From Italy came the globe-trotting and dapper “Baron de Richemont.” He soon had his own court, wrote his memoirs, and began pestering Marie-Thérèse and others with elegantly written manifestos. When a confused Marie-Thérèse refused to respond, he began to write her menacing, threatening letters.
In 1834, the Baron de Richemont was put on trial. One day, a man rose in court and interrupted the proceedings. “I am the bearer of a letter for the gentlemen of the jury written by the real Charles-Louis de Bourbon, the son of Louis XVI,” exclaimed the man. He then produced a letter, which he claimed was from the true Dauphin, who would soon be known throughout Europe as Karl Wilhelm Naundorff.

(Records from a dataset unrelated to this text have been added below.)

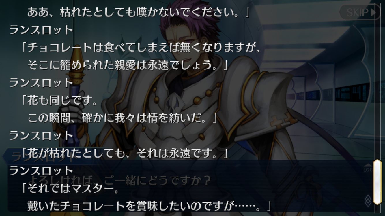 ランスロット卿は絆紡ぐの大好きな人間だからね。こんなん言われたら一緒に食べるしかないじゃん…今度発売されるマテリアルの円卓の騎士のところで騎士のコメントのある未実装の円卓の騎士はわりと実装の可能性は高そう。
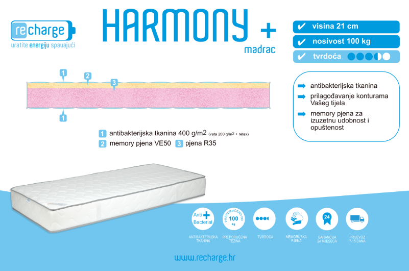 Madrac HARMONY + u svojoj osnovi ima visokokvalitetnu R35 pjenu. R35 pjena (gustoće 35 kg/m3) otporna je na deformacije i velike je izdržljivosti. Za najveći komfor i udobnost tijekom spavanja madrac HARMONY + ima i sloj memory pjene visine 4 cm. Memory pjena se prilagođava individualnoj konturi tijela te osigurava izuzetnu udobnost i opuštenost. Visokokvalitetna R35 pjena u kombinaciji sa memory pjenom drži vaše tijelo u pravilnom položaju, oslobađa ga od pritiska i poboljšava cirkulaciju. Madrac HARMONY + presvučen je antibakterijskom tkaninom sa slojem vate za dodatnu mekoću i udobnost.
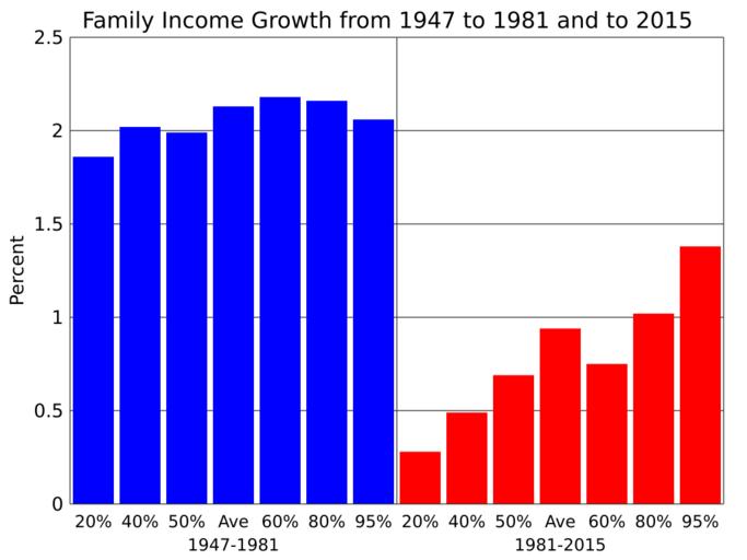 | Keywords: US family income growth from 1947 to 1981 and to 2015.svg  translate yes en From 1947 to 1981 incomes in the United States grew at about 2 per year for all income groups from the bottom 20 to the top 5 but since 1981 average income only grew by 0 9 per year instead of by 2 1 Income for the bottom 20 grew by only 0 3 increasing to 1 4 for the top 5 67 of what it had been Data from US Census https //www census gov/data/tables/time-series/demo/income-poverty/cps-finc/finc-01 html 2016-09-23 own Delphi234 other versions cc-zero Income distribution in the United States |
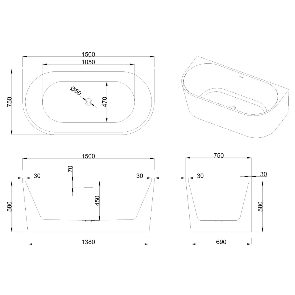 Kád, Invena Astri kád 150x75 cm AN-03-15U-F
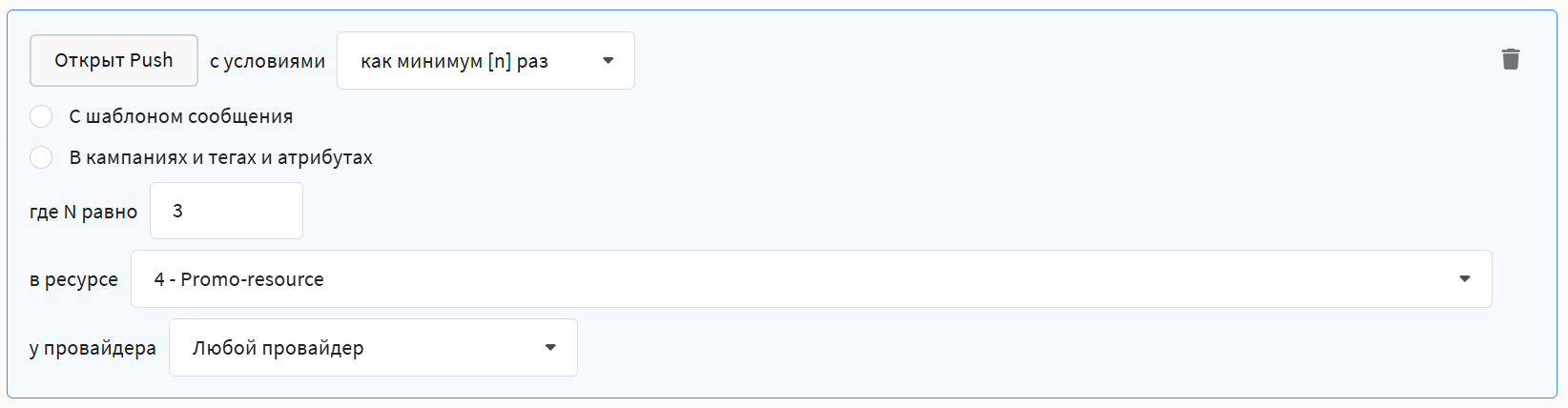 - Как минимум [n] раз — выборка по наличию указанного количества событий у подписчиков. В зависимости от оператора можно дополнительно указать Рассылку, Сообщение, период времени или количество дней с текущей даты.

The Baron de Richemont was jailed but managed to escape a year later. For years, sightings of the Baron would be whispered throughout France. But it was his rival, Naundorff, who would become the most believed of all the imposters.
Naundorff came from Prussia and claimed to be a clockmaker. In reality, he had been imprisoned in Germany for counterfeiting money (he had also been accused of arson). Much like another famous imposter, Anna Anderson (who later claimed to be Anastasia Romanov), he was unable to fluently speak his supposed native language.
Like Anderson, Naundorff soon convinced many people who had known and loved the real Louis-Charles, including his nurse, a Versailles ladies’ maid, his father’s private secretary and a former Minister of Justice, that he was the Dauphin. Many of these people wrote to the Duchesse d’Angoulême vouching for Naundorff and suspiciously insisting she give him part of her fortune.
As she had done occasionally in the past, the Duchesse d’Angoulême sent a trusted friend to inspect the claimant. The friend reported back that Naundorff looked like a Bourbon, had handwriting like a Bourbon, and seemed sane. “I am certain that my sister would recognize me after ten minutes’ talk,” Naundorff wrote. “I propose that she should meet me; I demand it of her.” Again, the tormented Duchesse did nothing.
Naundorff was eventually arrested and banished to England, where he founded a spiritual sect and got himself arrested for attempting to build a powerful bomb. He died in Holland in 1845. Both his gravestone and death certificate identified him as Louis-Charles. When his rival Baron de Richemont died in 1853, his headstone also claimed the long-dead boy’s name as his own.
Naundorff’s children and grandchildren continued to try and legitimize his claims, mounting court battles up until the 1950s. In the 1990s, scientists used a lock of Naundorff’s hair to prove once and for all that he was not the lost Dauphin.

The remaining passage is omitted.